Selling out RotMs and having strong revenues doesn't necessarily translate into having healthy profits, cash flows, or even a healthy balance sheet. We did the exercised the other day - VMP can easily be generating $10M+ in annual revenues and be losing month on a month to month basis.

The fact that they aren't actually processing refunds despite confirming them is a HUGE red flag. Either the system is really THAT fucked, or they don't have the money
I remember speculating on their financial health back during the web integration issues. The price increase announcement isn't surprising to me. I don't think they're a financially healthy organization and this is more evidence. If you have to raise prices above the going market rate, and do not enhance the value proposition and product offerings, you don't have a revenue problem; you have a cost problem (and probably some cash flow/balance sheet issues).
 
The other thing that just struck me as odd is, how do you expect to charge people this much when most BVSC orders are delayed to November? I mean, for $43, you better have the damn record in your hand ready to go the moment I renew.

Just got a shipping notice on mine and I'd swapped it to classics.
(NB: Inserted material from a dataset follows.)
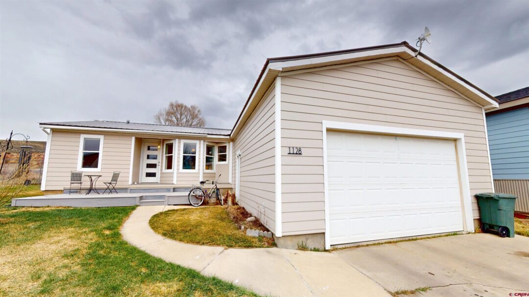 Welcome home to 1128 Colorado Circle. Move-in-ready 3 bed, 2 bath home on owned land with an oversized/tall garage (576 sf +/-), backing up to university open space. Recent upgrades include a fully remodeled primary bathroom, a newer metal roof, updated siding, modern front door, and a large Trex deck for low maintenance outdoor living. Located just 1 and 1/2 blocks from the Gunnison Rec Center, bus stop, Natural Grocers, and Walmart, offering exceptional convenience. The low HOA dues provide snow removal, irrigation and lawn care, with owner installed sprinklers set out seasonally on the lot, The home has in-ground sprinklers. An adjacent grassy and level irrigated lot owned by seller, known as 1130 N Colorado Circle, is available separately for $118,000.00 or by negotiation, offering flexibility and future potential development. Rare combination of condition, ownership, garage utility, and location in Gunnison. Gunnison is located on the Western Slope and surrounding by 87 percent public lands offering incredible outdoor recreation to fish Blue Mesa, Ski Crested Butte or Monarch Mountain. Hartman's Rec Area offers miles of mountain biking for the beginner and advanced rider. Gunnison offers a private FBO and Jetport for ease of travel. Don't miss this opportunity to live and play in the Gunnison Valley.

They can appear a touch inconsistent at times to be sure
 
This is my exact thoughts. Pauly said on Reddit that they underestimated how quickly costs were growing compared to sales. You can't just stumble across something like that one day and decide to almost double prices...that's something that has to be implemented gradually. What a disgrace that this company is such a shit show.
It's funny because I remember saying the same thing when they closed the forum.
These guys just make the worst business decisions.
While I have my MBA, you don't need an MBA to see how they are running this business into the ground.
I mean, they closed their "community" which was a big selling feature and created a ton of hype for releases for reasons that I can only assume revolve around their egos.
Now they jack up their prices during a global pandemic because they lost sight of their expenses?!?!?
In the past they've made moves that made me think they might be trying to get quick capital and sell the business but it's clear now they are like a bunch of monkeys trying to type Shakespeare
 
This is my exact thoughts. Pauly said on Reddit that they underestimated how quickly costs were growing compared to sales. You can't just stumble across something like that one day and decide to almost double prices...that's something that has to be implemented gradually. What a disgrace that this company is such a shit show.

Its their business to know how quickly costs go up. Hell that's every business, if costs blindside you then you're not good at business.
 
I remember speculating on their financial health back during the web integration issues. The price increase announcement isn't surprising to me. I don't think they're a financially healthy organization and this is more evidence. If you have to raise prices above the going market rate, and do not enhance the value proposition and product offerings, you don't have a revenue problem; you have a cost problem (and probably some cash flow/balance sheet issues).

These posts you made a while back was actually the first thing to come to mind when I saw the price increase!
 
So the sell is £40 for a record that might be a dud, will likely arrive late and might look completely different to what was sold. On top of support that can take weeks to respond if at all.